Trans-portées tisse la spiritualité des chants de Lalon et les hymnes à l’amour absolu du poète bangladais contemporain Muhammad Manzour. « J’ai bâti la forme de ce Voyage de l’écouteà partir de six chants du répertoire de Farida Parveen que j’introduis par un prélude instrumental », explique Laurent Cuniot. « Celui-ci porte en lui toute la dramaturgie à venir qui rassemble dans le creuset des émotions la spiritualité et la passion amoureuse. Puis les musiques, les voix s’alternent, se confrontent, s’enchaînent en se superposant parfois, se répondent laissant deviner de subtiles correspondances ou assumant des oppositions qui rythment le parcours de l’écoute. »

Du Bangladesh à la France et à l’Inde

Après une première série de concerts au Bangladesh, les musiciens français et bangladais sont venus donner deux concerts en France, à Grenoble au festival Les Détours de Babel en mars 2019, et à la Maison de la musique de Nanterre. Cette tournée a remporté un grand succès, qui a encouragé les artistes à poursuivre leur collaboration. 

 

En 2020, TM+ devait retrouver Farida Parveen et ses musiciens pour trois séries de concerts : en Inde en mars, puis en France, notamment à l’Abbaye de Noirlac en juillet et en Belgique. « Proposer le projet en Inde représente un enjeu important, explique Laurent Cuniot,car bien qu’étant très proches géographiquement, l’Inde et le Bangladesh ont des traditions culturelles et musicales sensiblement différentes. L’échange est donc fondamental. » La tournée indienne, annulée en raison de la crise sanitaire liée au Coronavirus Covid-19, devrait être reportée à l’automne.

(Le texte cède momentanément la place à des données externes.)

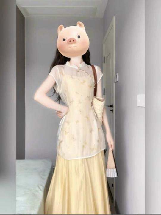 两件都是莱赛尔天丝面料,说是工厂同源,抖搜:【mimius】&游鹿鹿【南枝独绝】新中式禅意罩衫+吊带裙套装 F06255。详情有尺码表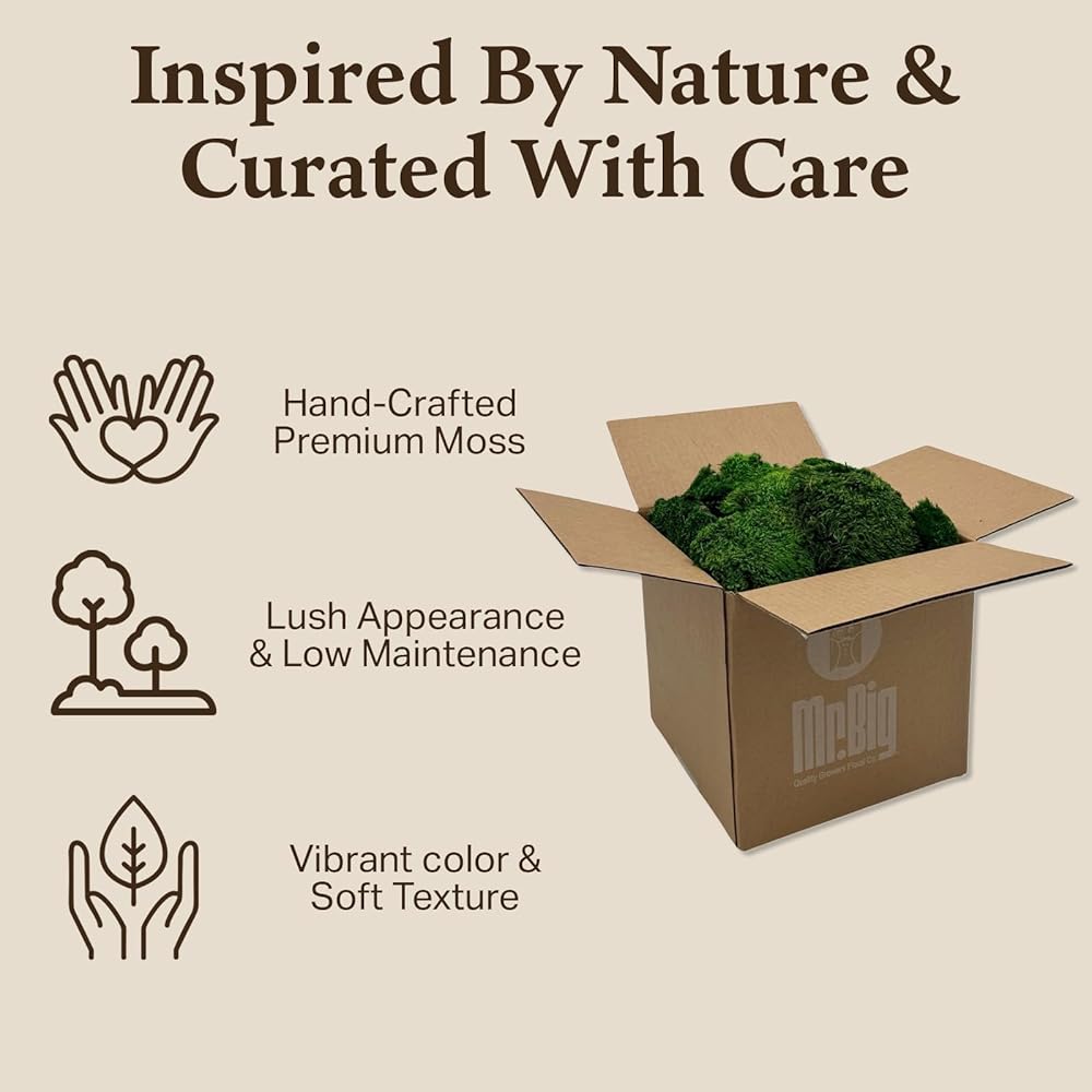 Sourced from the heart of pristine environments, our Preserved Mood Moss undergoes a meticulous preservation process, locking in its lush green hues and delicate texture. Each piece is preserved with precision, guaranteeing a uniform and luxurious appearance throughout its lifespan. Our Preserved Mood Moss is perfect to use when creating a moss wall to serve as natural, textural backdrops wherever you'd like. Use it as a centerpiece, hanging sculpture, a way to bring landscapes to life in terrariums, or as elegant home decor accents. The natural texture and color can contribute to creating visually appealing and authentic scenes. Preserved Mood Moss is perfect for creating moss walls, artistic installations, terrariums and dioramas, retail displays, home decor accents, and so much more. The pliable nature of our Preserved Mood Moss makes it easy to incorporate into your creative endeavors. Our Preserved Mood Moss does not require soil or water, making it an ideal choice for low-maintenance and long-lasting decorative applications. We prioritize protecting the environment and obtaining our products sustainably. In our Preserved Mood Moss, we only use non-toxic, color-enhancing dyes that are safe for indoor use. Quality Growers was founded on recognizing the value of providing the finest and freshest foliage and mosses. Today, we continue to be a leading family-operated botanicals provider, ensuring all of our products are hand selected, inspired by nature, and curated with care.

L’ensemble TM+ à la rencontre des chants bangladais
L'Institut français et l'artiste

Dans le contexte de la pandémie du Coronavirus Covid-19, l’Institut français souhaite continuer à vous proposer des portraits, rencontres avec des créateurs de toutes origines, œuvres, portfolios. Nous espérons que ces pages vous apporteront une respiration dans un quotidien confiné.

 

 

L’Institut français accompagne régulièrement TM+ dans ses projets internationaux. Ainsi en 2019, l’ensemble a reçu le soutien de l’Institut français pour sa résidence au festival Hear Now de Los Angeles.

 

Pour sa tournée en Inde en 2020, TM+ bénéficie du soutien de l’Institut français dans le cadre du programme IFcoopération.

 

Le programme IFcoopération accompagne des structures et des artistes français pour des projets menés conjointement avec des structures et des artistes étrangers. Il peut s’agir de créations communes ou d’actions de transmission (de répertoires, de techniques).